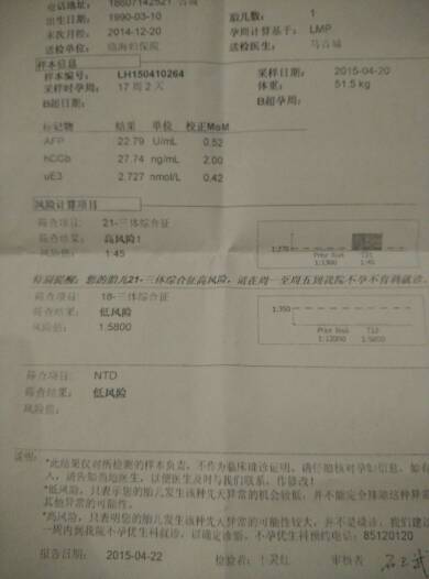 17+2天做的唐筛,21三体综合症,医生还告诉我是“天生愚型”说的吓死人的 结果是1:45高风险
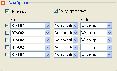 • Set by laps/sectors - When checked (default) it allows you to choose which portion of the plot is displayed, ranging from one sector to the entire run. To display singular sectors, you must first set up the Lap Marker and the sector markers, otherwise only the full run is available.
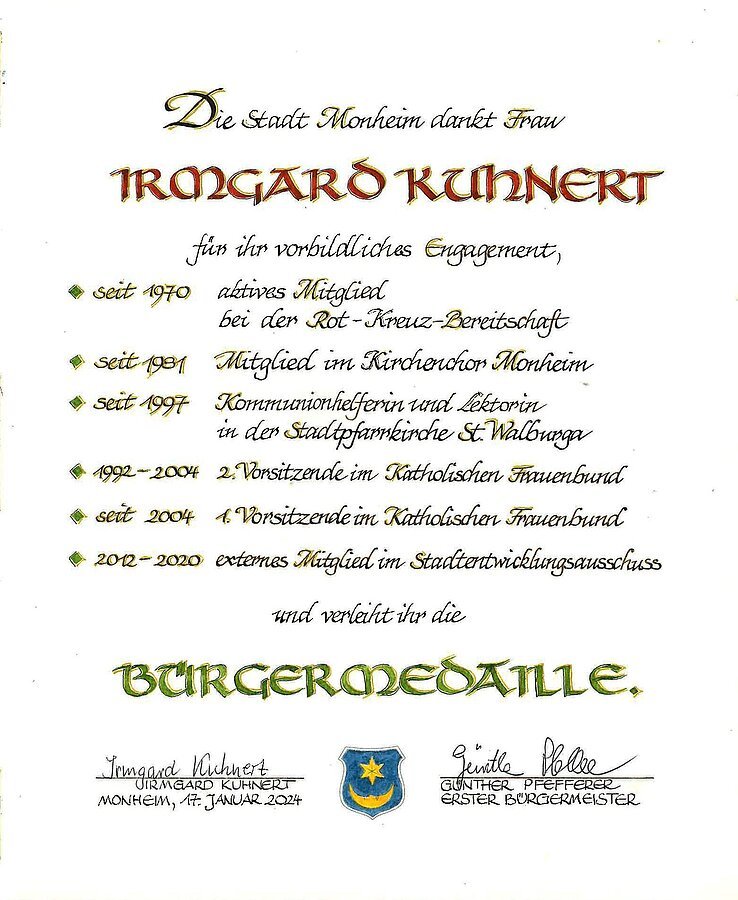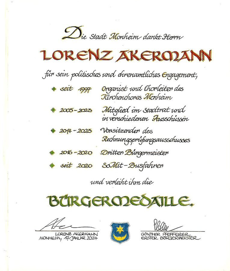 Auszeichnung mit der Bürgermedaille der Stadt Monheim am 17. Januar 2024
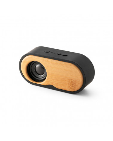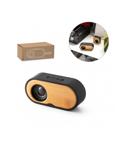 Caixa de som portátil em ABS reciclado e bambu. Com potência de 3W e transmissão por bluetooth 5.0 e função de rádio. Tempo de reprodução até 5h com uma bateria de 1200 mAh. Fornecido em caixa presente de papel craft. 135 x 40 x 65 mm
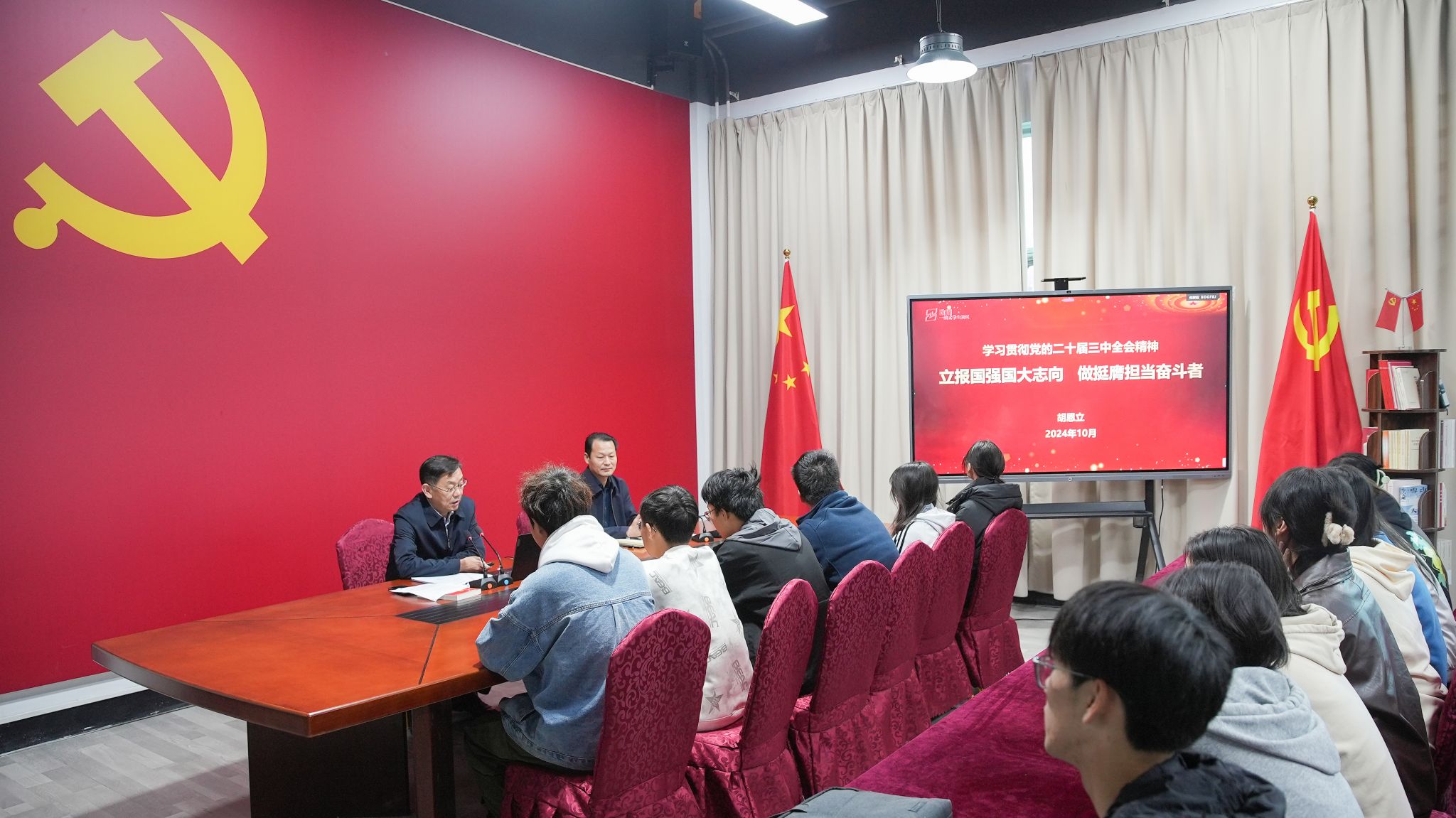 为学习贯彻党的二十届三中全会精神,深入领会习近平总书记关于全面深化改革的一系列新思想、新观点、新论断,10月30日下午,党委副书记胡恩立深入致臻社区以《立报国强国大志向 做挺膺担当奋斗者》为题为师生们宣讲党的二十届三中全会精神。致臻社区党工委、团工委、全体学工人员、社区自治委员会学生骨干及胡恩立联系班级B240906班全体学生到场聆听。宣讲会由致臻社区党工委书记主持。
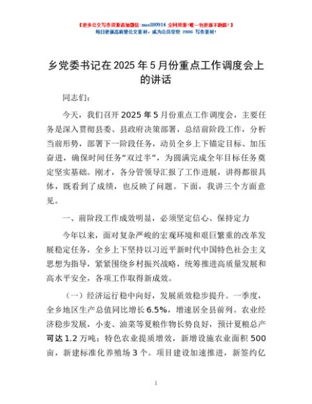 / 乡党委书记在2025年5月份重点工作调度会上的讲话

· · · · ·

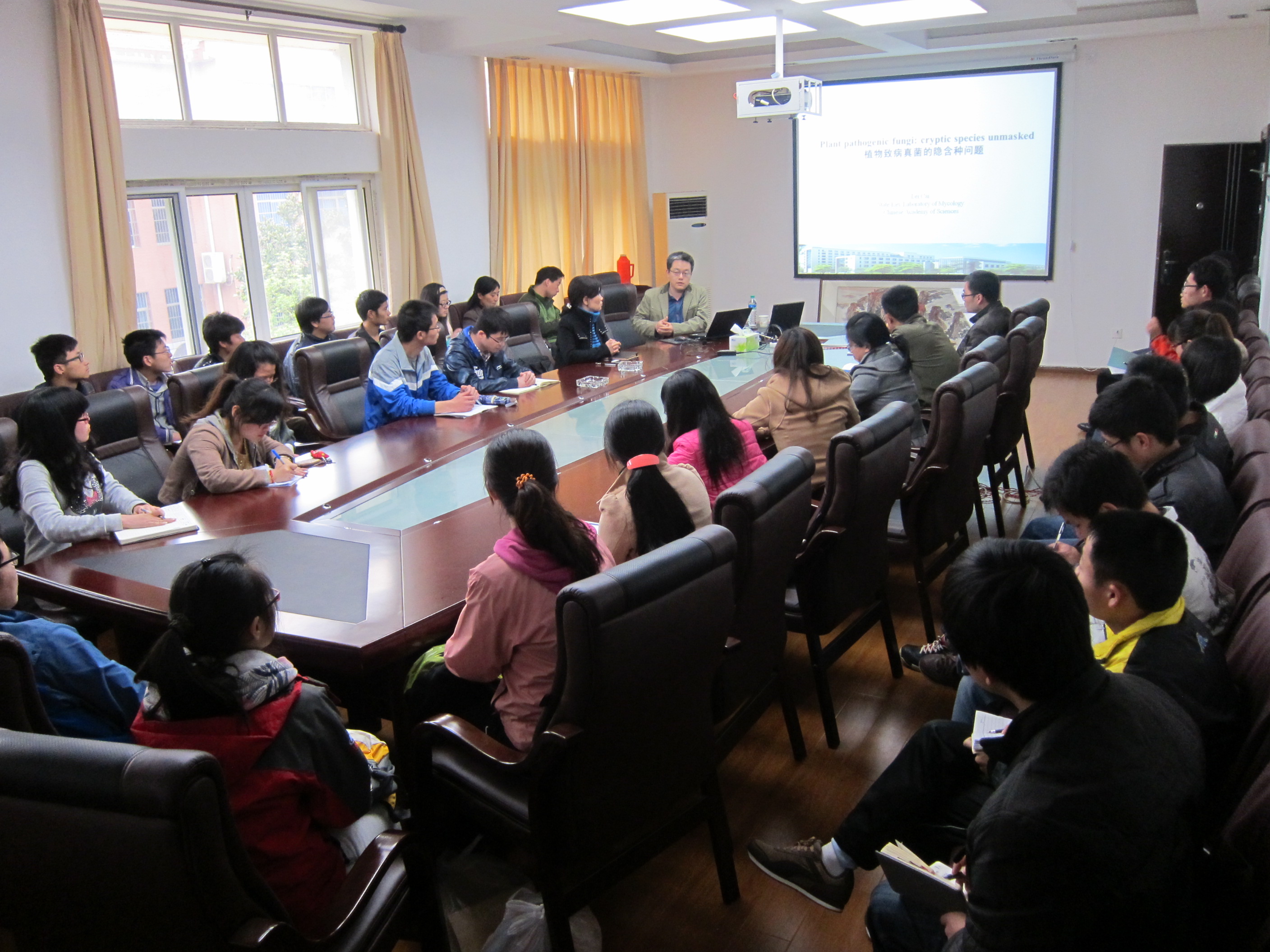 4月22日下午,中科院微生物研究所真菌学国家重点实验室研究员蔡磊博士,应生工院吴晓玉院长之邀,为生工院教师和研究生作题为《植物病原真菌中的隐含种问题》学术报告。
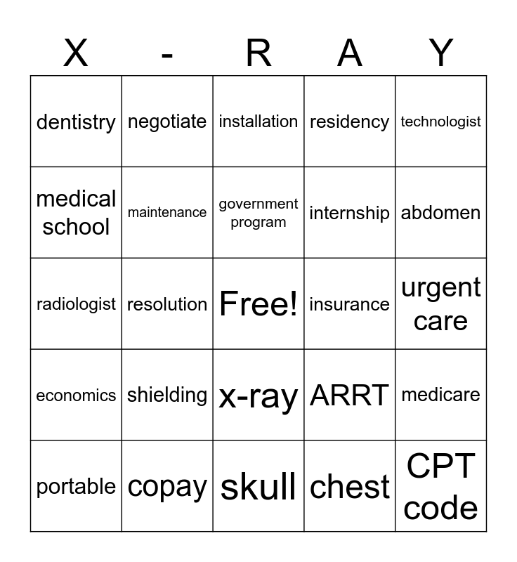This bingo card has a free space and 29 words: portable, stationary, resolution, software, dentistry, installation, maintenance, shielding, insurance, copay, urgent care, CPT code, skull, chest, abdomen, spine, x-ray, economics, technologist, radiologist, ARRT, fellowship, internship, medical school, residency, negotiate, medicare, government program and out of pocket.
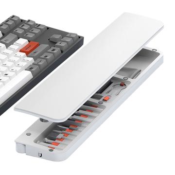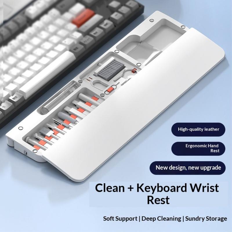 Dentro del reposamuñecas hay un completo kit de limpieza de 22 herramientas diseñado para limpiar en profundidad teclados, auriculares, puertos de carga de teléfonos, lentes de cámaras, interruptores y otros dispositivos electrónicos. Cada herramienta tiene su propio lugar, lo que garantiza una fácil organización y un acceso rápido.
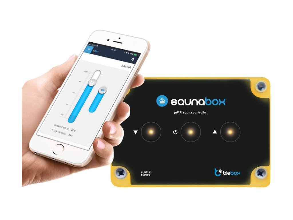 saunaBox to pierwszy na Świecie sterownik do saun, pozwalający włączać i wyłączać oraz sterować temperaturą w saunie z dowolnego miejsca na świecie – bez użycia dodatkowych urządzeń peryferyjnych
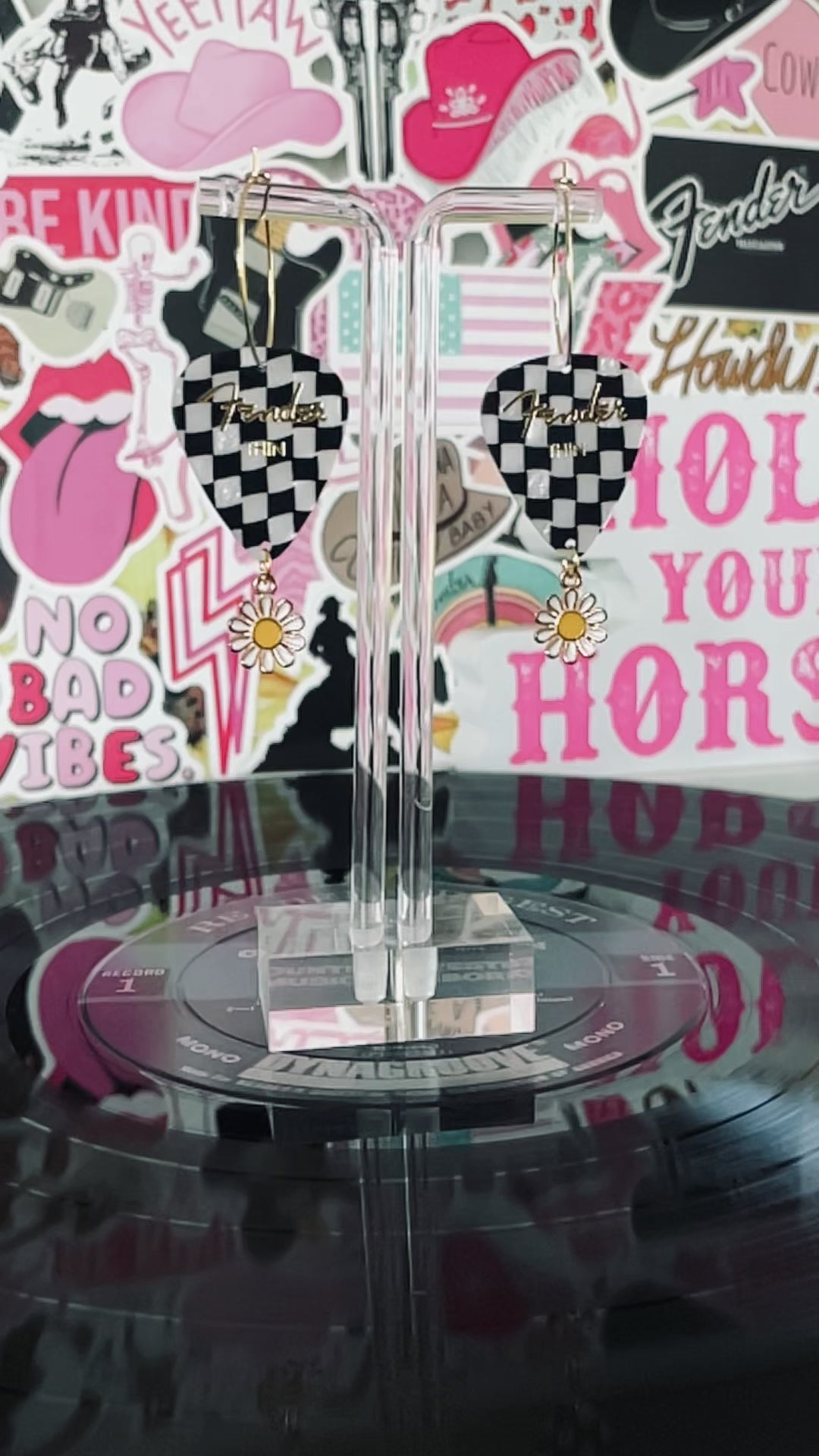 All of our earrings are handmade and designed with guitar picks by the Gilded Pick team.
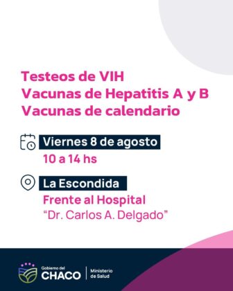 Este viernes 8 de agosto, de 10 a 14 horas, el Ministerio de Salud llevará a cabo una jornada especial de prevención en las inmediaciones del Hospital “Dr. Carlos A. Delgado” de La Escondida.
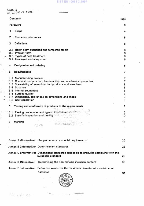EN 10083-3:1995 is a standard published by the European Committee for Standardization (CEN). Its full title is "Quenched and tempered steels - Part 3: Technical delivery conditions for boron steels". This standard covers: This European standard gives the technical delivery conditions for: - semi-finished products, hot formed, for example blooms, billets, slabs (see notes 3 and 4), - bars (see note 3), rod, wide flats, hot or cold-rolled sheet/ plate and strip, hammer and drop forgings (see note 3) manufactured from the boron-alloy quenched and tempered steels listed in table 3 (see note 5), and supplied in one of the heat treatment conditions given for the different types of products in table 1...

· · · · ·

### What is needed
Go back to the listing above and write out the lines starting at the one with "run is available." and ending at the one with "Caixa de som", inclusive, exactly and without pictures.

### Expected answer
 • Set by laps/sectors - When checked (default) it allows you to choose which portion of the plot is displayed, ranging from one sector to the entire run. To display singular sectors, you must first set up the Lap Marker and the sector markers, otherwise only the full run is available.
 Auszeichnung mit der Bürgermedaille der Stadt Monheim am 17. Januar 2024
 Caixa de som portátil em ABS reciclado e bambu. Com potência de 3W e transmissão por bluetooth 5.0 e função de rádio. Tempo de reprodução até 5h com uma bateria de 1200 mAh. Fornecido em caixa presente de papel craft. 135 x 40 x 65 mm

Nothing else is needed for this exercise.